Here are some of the things they came up with that fit the conditions in most areas of the country:

  • Insulate areas near exterior penetrations -- electrical service, plumbing lines, telephone/television cables, ductwork for vents and fans, and the flue pipe into the chimney.
  • Insulate areas near penetrations to your attic or basement, electrical wiring and fixtures, and plumbing supply and waste lines.
  • Caulk the sill plate around the perimeter of the house from the exterior, if it is accessible.
  • Weather-strip/insulate your attic access panel. Install gaskets beneath receptacle and switch-cover plates.
  • If you are replacing the siding on your house, take that opportunity to install exterior air barrier or house wrap.
  • Replace broken or missing windowpanes and replace locking hardware. Re-glaze windows, caulk exterior frame and interior trim, and weather-strip sashes.
  • Repaint exterior wood window frames and sashes.
  • Install exterior or interior storm windows. If you can afford to, install low-e replacement windows.
  • Replace and adjust lock sets on exterior doors, and replace doors leading to spaces without heat or air conditioning.

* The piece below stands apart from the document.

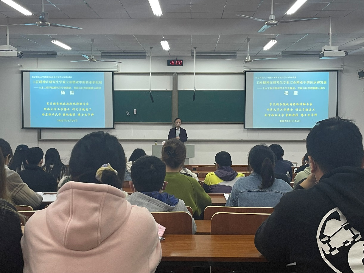 杨挺教授针对研究生的学业规划、研究生专业发展方向与定位、土木类工匠精神内涵与情怀、土木类“三木情怀”培养与实践、技术创新与遵循规范的关系、研究生工匠精神启示与感悟六个方面进行讲授。在学业规划方面,杨教授分析了研究生学习中的主要问题,并建议同学们跨公司、跨专业或者跨方向学习;在研究生专业发展方向与定位方面,他提倡用志向培养兴趣,要有远见,选择符合国家经济社会发展需求、适合自身专业发展定位、确立专业发展方向;在土木类工匠精神内涵与情怀方面,他提出学土木、干土木、精土木的“三木情怀”,树立正确的世界观,人生观,价值观。鼓励同学们真正做到学以致用,成为建设祖国的栋梁之才;在土木类“三木情怀”培养与实践方面,他详细阐述了“三木情怀”,即认真学习渴求弄懂弄通、结合工程力求实干有为、专注执着追求精益求精;在技术创新与遵循规范的关系方面,他强调技术创新是有风险的,必须掌控风险,应对风险,把控关键,确保创新成功。并鼓励同学们敢于创新,不断地探索发现问题,不断地努力解决问题;在研究生工匠精神启示与感悟方面,杨挺教授认为研究生不仅要学习理论与专业知识,更要加强理论联系实际,注重精益求精的工匠精神能力的培养和提高,努力做到:做人要诚实,做事要踏实,做学问要真实。并且永不停下学习的脚步,要善于学习,方法科学,勇于创新,攻艰克难。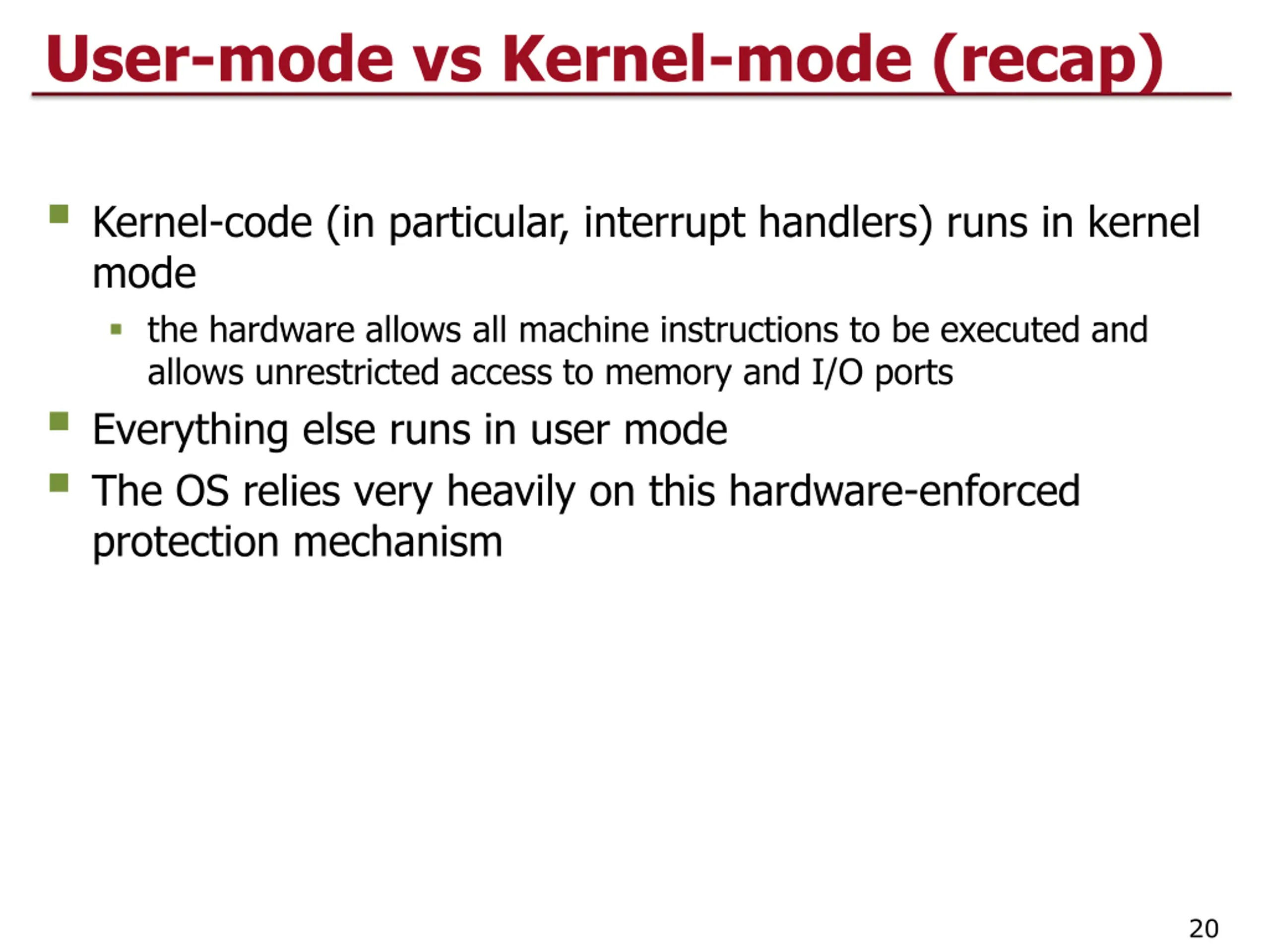 User-mode vs Kernel-mode (recap) Kernel-code (in particular, interrupt handlers) runs in kernel mode the hardware allows all machine instructions to be executed and allows unrestricted access to memory and I/O ports Everything else runs in user mode The OS relies very heavily on this hardware-enforced protection mechanism 20

  • Caulk around exterior door frames and re-glaze as needed. Replace weather stripping and install door sweeps on exterior doors or doors that adjoin unheated spaces.
  • Insulate the attic to at least R-38 and the floor above an unheated or non-air-conditioned basement or crawl space to R-19. Insulate exterior walls.

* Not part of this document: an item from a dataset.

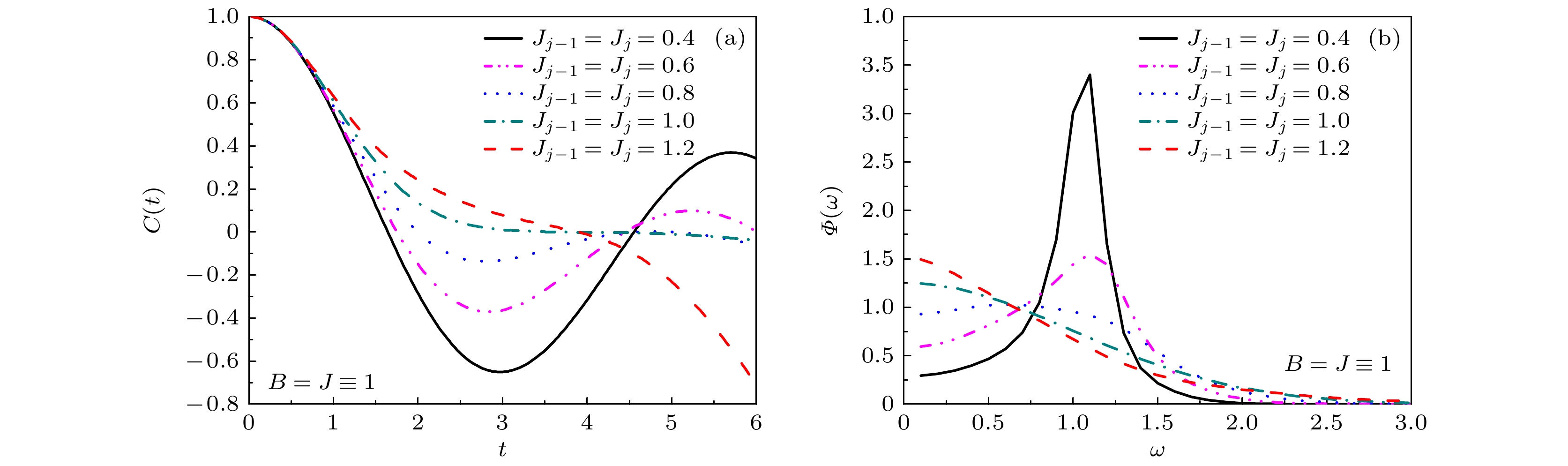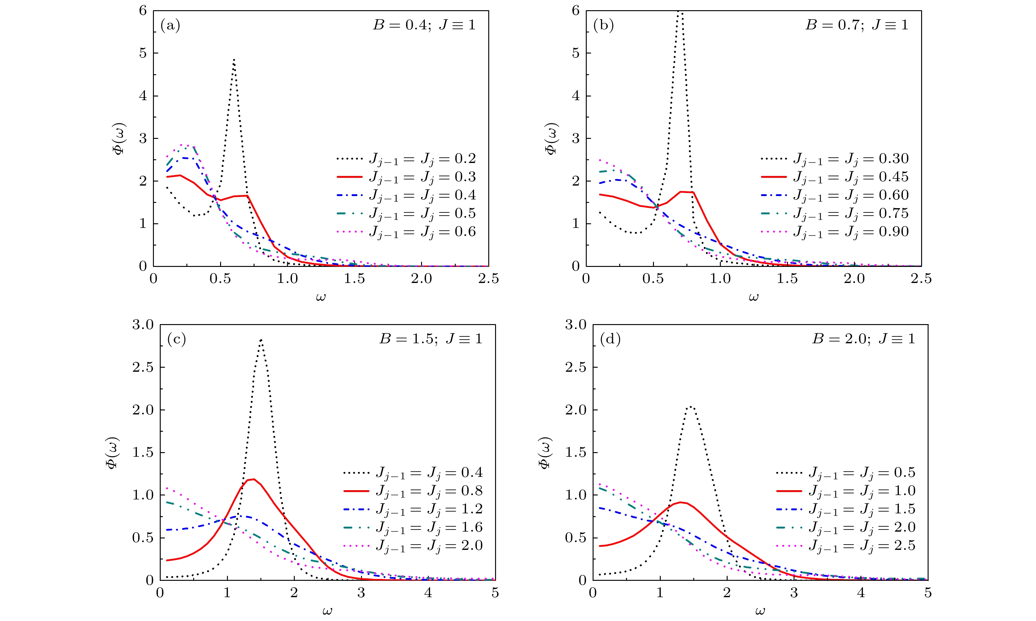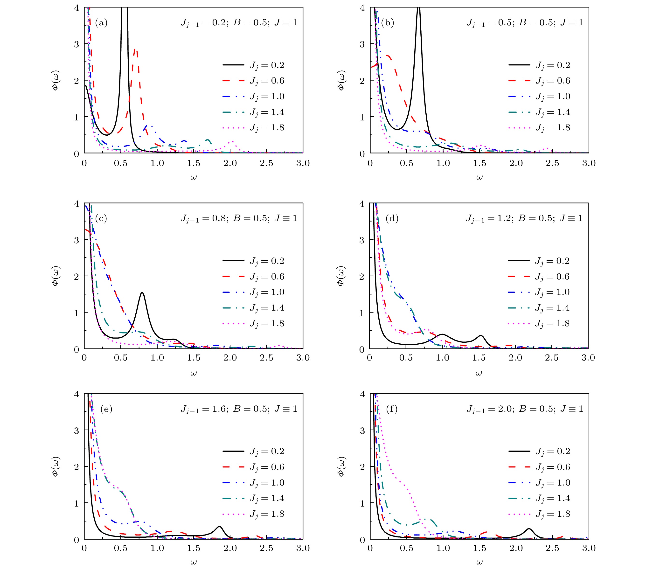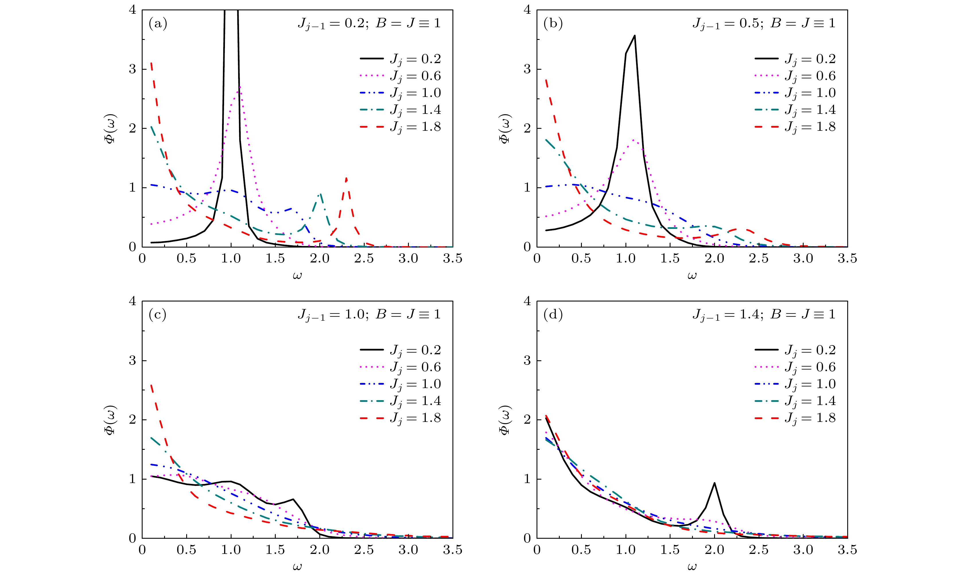 It is of considerable theoretical significance to study the effects of impurity on spin dynamics of quantum spin systems. In this paper, the dynamical properties of the one-dimensional quantum Ising model with symmetric and asymmetric link-impurity are investigated by the recursion method, respectively. The autocorrelation function \begin{document}$C\left( t \right) = \overline {\left\langle {\sigma _j^x\left( t \right)\sigma _j^x\left( 0 \right)} \right\rangle } $\end{document} and the associated spectral density \begin{document}$\varPhi \left( \omega \right) = \displaystyle\int_{ - \infty }^{ + \infty } {{\rm d}t{{\rm e}^{{\rm i}\omega t}}C\left( t \right)} $\end{document} are calculated. The Hamiltonian of the Ising model with link-impurity can be written as \begin{document}$\qquad\qquad\qquad\qquad\qquad H = - \displaystyle\frac{1}{2}({J_{j - 1}}\sigma _{j - 1}^x\sigma _j^x + {J_j}\sigma _j^x\sigma _{j + 1}^x) - \displaystyle\frac{1}{2}J\sum\limits_{i \ne j,j - 1}^N {\sigma _i^x\sigma _{i + 1}^x} - \frac{1}{2}B\sum\limits_i^N {\sigma _i^z} . $\end{document} where \begin{document}$J$\end{document} is the nearest-neighbor exchange coupling of the main spin chain, \begin{document}$ B $\end{document} denotes the external transverse magnetic field, \begin{document}$\sigma _i^\alpha \left( {\alpha = x,y,z} \right)$\end{document} are Pauli matrices at site \begin{document}$ i $\end{document} . The constant 1/2 is introduced for the convenience of theoretical deduction, and N is the number of spins. The so-called link-impurity \begin{document}$ {J_j} $\end{document} (\begin{document}$ {J_{j - 1}} $\end{document} ) is randomly introduced, which denotes the exchange coupling between the j th spin and the (j + 1)th spin (the (j – 1)th spin). The symmetric link-impurity and asymmetric link-impurity correspond to the case of \begin{document}$ {J_{j - 1}} = {J_j} $\end{document} and \begin{document}$ {J_{j - 1}} \ne {J_j} $\end{document} , respectively. The periodic boundary conditions are assumed in the theoretical calculation.After introducing the link-impurity, the original competition between \begin{document}$ B $\end{document} and \begin{document}$J$\end{document} in the pure Ising model is broken. The dynamic behavior of the system depends on synergistic effect of multiple factors, such as the mean spin coupling \begin{document}$ \bar J $\end{document} between \begin{document}$J$\end{document} and the link-impurity, the asymmetry degree between \begin{document}$ {J_{j - 1}} $\end{document} and \begin{document}$ {J_j} $\end{document} , and the strength of the external magnetic field. In calculation, the exchange couplings of the main spin chain are set to \begin{document}$J \equiv 1$\end{document} to fix the energy scale. We first consider the effects of symmetric link-impurity. The reference values can be set to \begin{document}$ {J_{j - 1}} = {J_j} \lt J $\end{document} (e.g. 0.4, 0.6 or 0.8) or \begin{document}$ {J_{j - 1}} = {J_j} \gt J $\end{document} (e.g. 1.2, 1.6, 2.0), which are called weak or strong impurity coupling. When the magnetic field \begin{document}$ B \geqslant J $\end{document} (e.g., \begin{document}$ B = 1 $\end{document} , 1.5 or 2.0), it is found that the dynamic behavior of the system exhibits a crossover from a collective-mode behavior to a central-peak behavior as the impurity strength \begin{document}$ {J_{j - 1}} = {J_j} $\end{document} increases. Interestingly, for \begin{document}$ B \lt J $\end{document} (e.g. \begin{document}$ B = 0.4 $\end{document} or 0.7), there are two crossovers that are a collective-mode-like behavior to a double-peak behavior, then to a central-peak behavior as \begin{document}$ {J_{j - 1}} = {J_j} $\end{document} increases. For the case of asymmetric link-impurity, the impurity configuration is more complex. Using the cooperation between \begin{document}$ {J_{j - 1}} $\end{document} and \begin{document}$ {J_j} $\end{document} , more freedoms of regulation can be provided and the dynamical properties are more abundant. For the case of \begin{document}$ B \leqslant J $\end{document} (e.g. \begin{document}$ B = 0.5 $\end{document} , 1.0), the system tends to exhibit a collective-mode behavior when the mean spin coupling \begin{document}$ \bar J $\end{document} is weak, and a central-peak behavior when \begin{document}$ \bar J $\end{document} are strong. However, when the asymmetry between \begin{document}$ {J_{j - 1}} $\end{document} and \begin{document}$ {J_j} $\end{document} is obvious, the system tends to exhibit a double- or multi-peak behavior. For the case of \begin{document}$ B \gt J $\end{document} (e.g. \begin{document}$ B = 1.5 $\end{document} , 2.0), when \begin{document}$ \bar J $\end{document} is weak or the asymmetry between \begin{document}$ {J_{j - 1}} $\end{document} and \begin{document}$ {J_j} $\end{document} is not obvious, the system tends to exhibit a collective-mode behavior. When \begin{document}$ \bar J $\end{document} is strong, it tends to show a central-peak behavior. However, when the asymmetry between \begin{document}$ {J_{j - 1}} $\end{document} and \begin{document}$ {J_j} $\end{document} is evident, the bispectral feature (two spectral peaks appear at \begin{document}$ {\omega _1} \ne 0 $\end{document} and \begin{document}$ {\omega _2} \ne 0 $\end{document} ) dominates the dynamics. Under the regulating effect of link-impurities, the crossover between different dynamic behaviors can be easily realized, and it is easier to stimulate new dynamic modes, such as the double-peak behavior, the collective-mode-like behavior or bispectral feature one. The results in this work indicate that using link-impurity to manipulate the dynamics of quantum spin systems may be a new try.

  • Have your furnace, boiler or heat pump professionally cleaned and serviced each year. Replace the furnace filter with a pleated one.
  • Seal ductwork in unheated or non-air-conditioned spaces with mastic or aluminum tape. Install a programmable thermostat.
  • Reduce water-heater thermostat setting to 120 degrees, or "medium." Install a water heater insulation blanket. Flush the water heater to remove sediment.
  • If you are replacing the water heater, install an energy-efficient model.
  • Install pipe insulation on hot and cold lines within five feet of the water heater, as well as on all hot-water pipes in unheated spaces, such as an unfinished basement.
  • Replace washers on bath and kitchen-sink faucets and install low-flow aerators.
  • Install low-flow showerheads and a toilet-flow reduction bag. What's that? It's a specially designed plastic bag that can displace about two-thirds of a gallon of water. It costs about $6 and hangs in the toilet tank without moving around or interfering with the toilet's operation. The bag is not designed for low-flow toilets, however.
  • Replace light bulbs. Install compact fluorescent bulbs in high-use areas, such as the kitchen, living room, entryway and porch -- but not in dimmable fixtures. Install a light-sensitive or motion-sensitive fixture at the main entrance.
  • Vacuum refrigerator coils and clean the fan grill. Consider replacing your refrigerator if it was manufactured before 1990, which can mean a savings of about $50 per year in energy costs.
  • Clean or replace dryer, range hood, and bath fan vents with dampered vents.

The Maryland home used in the experiment features blown fiberglass wall insulation, high-efficiency replacement windows, new siding, a new roof, attic, floor and water-heater insulation, and a new air-conditioning system.

You may not be able to get to everything, but try to do as much as you can. It will help.